### Work required
Return the lines of the data below starting at the one holding "in any weather" and ending at the one holding "SNSと連携したい メニュー>画面上部>SNS連携 から連携できます", word for word, leaving every picture out.
** Data in this exercise follows **
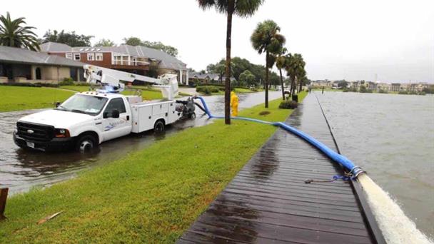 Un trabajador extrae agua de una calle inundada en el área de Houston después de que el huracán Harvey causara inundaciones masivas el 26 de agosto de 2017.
** End of Data in this exercise **
** Data in this exercise follows **
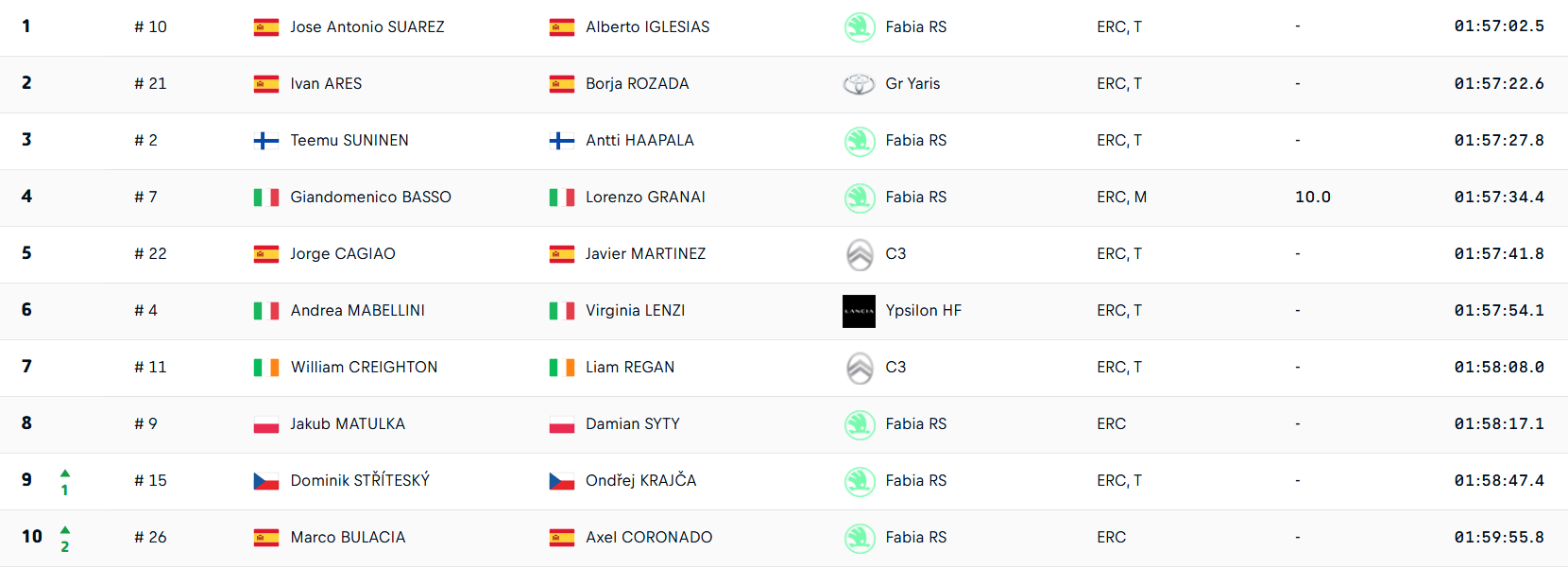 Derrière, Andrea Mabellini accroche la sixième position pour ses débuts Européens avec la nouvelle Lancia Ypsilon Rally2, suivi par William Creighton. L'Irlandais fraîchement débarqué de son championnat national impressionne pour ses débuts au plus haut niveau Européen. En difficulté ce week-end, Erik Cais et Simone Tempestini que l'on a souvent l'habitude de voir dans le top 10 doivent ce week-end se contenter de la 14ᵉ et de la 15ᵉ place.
** End of Data in this exercise **
** Data in this exercise follows **
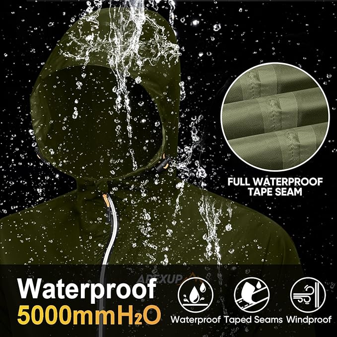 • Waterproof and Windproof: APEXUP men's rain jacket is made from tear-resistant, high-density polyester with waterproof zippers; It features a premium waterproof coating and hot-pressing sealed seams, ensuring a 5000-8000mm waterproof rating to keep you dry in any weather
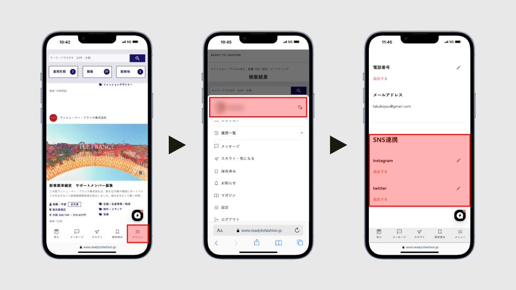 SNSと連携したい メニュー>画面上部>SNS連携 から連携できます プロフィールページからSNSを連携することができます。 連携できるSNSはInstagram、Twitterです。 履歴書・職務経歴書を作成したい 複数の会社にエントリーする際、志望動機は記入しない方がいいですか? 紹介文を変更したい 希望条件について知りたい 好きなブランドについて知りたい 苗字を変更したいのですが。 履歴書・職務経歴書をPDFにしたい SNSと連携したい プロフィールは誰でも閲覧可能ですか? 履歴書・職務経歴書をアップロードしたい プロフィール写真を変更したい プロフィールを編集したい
** End of Data in this exercise **
### Exercise answer
 • Waterproof and Windproof: APEXUP men's rain jacket is made from tear-resistant, high-density polyester with waterproof zippers; It features a premium waterproof coating and hot-pressing sealed seams, ensuring a 5000-8000mm waterproof rating to keep you dry in any weather
 SNSと連携したい メニュー>画面上部>SNS連携 から連携できます プロフィールページからSNSを連携することができます。 連携できるSNSはInstagram、Twitterです。 履歴書・職務経歴書を作成したい 複数の会社にエントリーする際、志望動機は記入しない方がいいですか? 紹介文を変更したい 希望条件について知りたい 好きなブランドについて知りたい 苗字を変更したいのですが。 履歴書・職務経歴書をPDFにしたい SNSと連携したい プロフィールは誰でも閲覧可能ですか? 履歴書・職務経歴書をアップロードしたい プロフィール写真を変更したい プロフィールを編集したい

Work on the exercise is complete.